Donnerstag, 25. November 2010

Towards fast scientific python

Python seems to come of age in its role as an universal language for scientific computing. It already has a good standing in the computational neuroscience community. The Neural Ensemble project gathers some initiatives that use Python as the primary language for neuronal simulation and data analysis. Large simulator projects like Nest and NEURON adopted Python as their primary command language already a few years ago. The core of those simulators is still written in C/C++, which delivers good performance, but leads to interfacing issues with the command language. Those issues can be addressed by clever software design, but a pure-python implementation of a simulator is much more convenient regarding maintainability and extendibility. The problem is, that pure Python will lag behind the speed of compiled languages like C/C++ by an order of magnitude.

The Brian simulator is designed to be a simulator written entirely in python. To cope with the speed of C/C++-based simulators, Brian can generate compiled code from the python network model. This code can also be compiled for graphics processors (GPUs), which promise high speedups for computational problems that can be parallelized efficiently. The Brian developers describe how to do just that in their article on vectorized algorithms for neuronal simulations, which is one of my current favorite papers.

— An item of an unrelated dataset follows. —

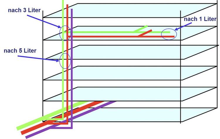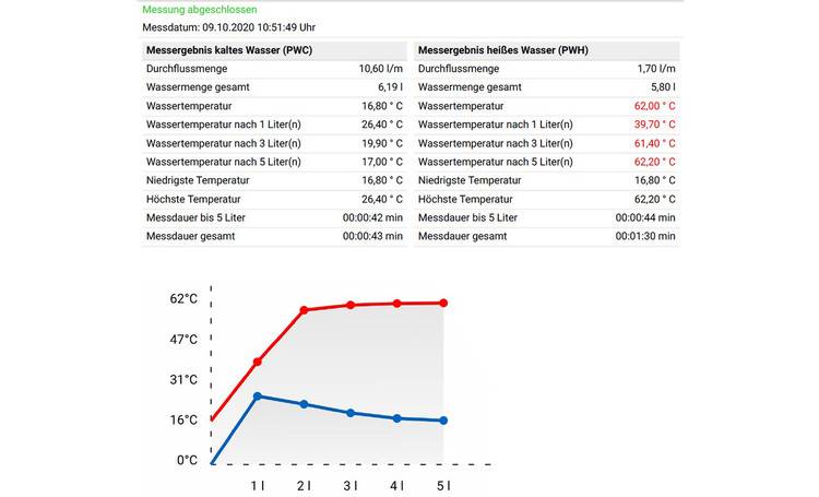 Die Temperaturmessung nach 1 l erfasst dann das bereits wieder abgekühlte Wasser aus der Einzelanschlussleitung, die Temperaturmessung nach 3 l misst die Temperatur der Verteilleitung bzw. am Anfang der Einzelzuleitung am Strang und nach 5 l wird dann die deutlich erhöhte Temperatur aus der Steigleitung erfasst (Bild 3).

Today, and that was the initial motivation for this post, I came across the announcement for the new version of Theano, a compiler for evaluation mathematical expressions on CPUs and GPUs. I haven't tried it out yet, but it looks definitely promising. But the really interesting fact is that there is vivid development toward making Python not only an ubiquitous language for scientific computing (a goal which has largely been achieved already), but also an alternative in terms of performance to established software packages.

Without licence fees, and fully open source.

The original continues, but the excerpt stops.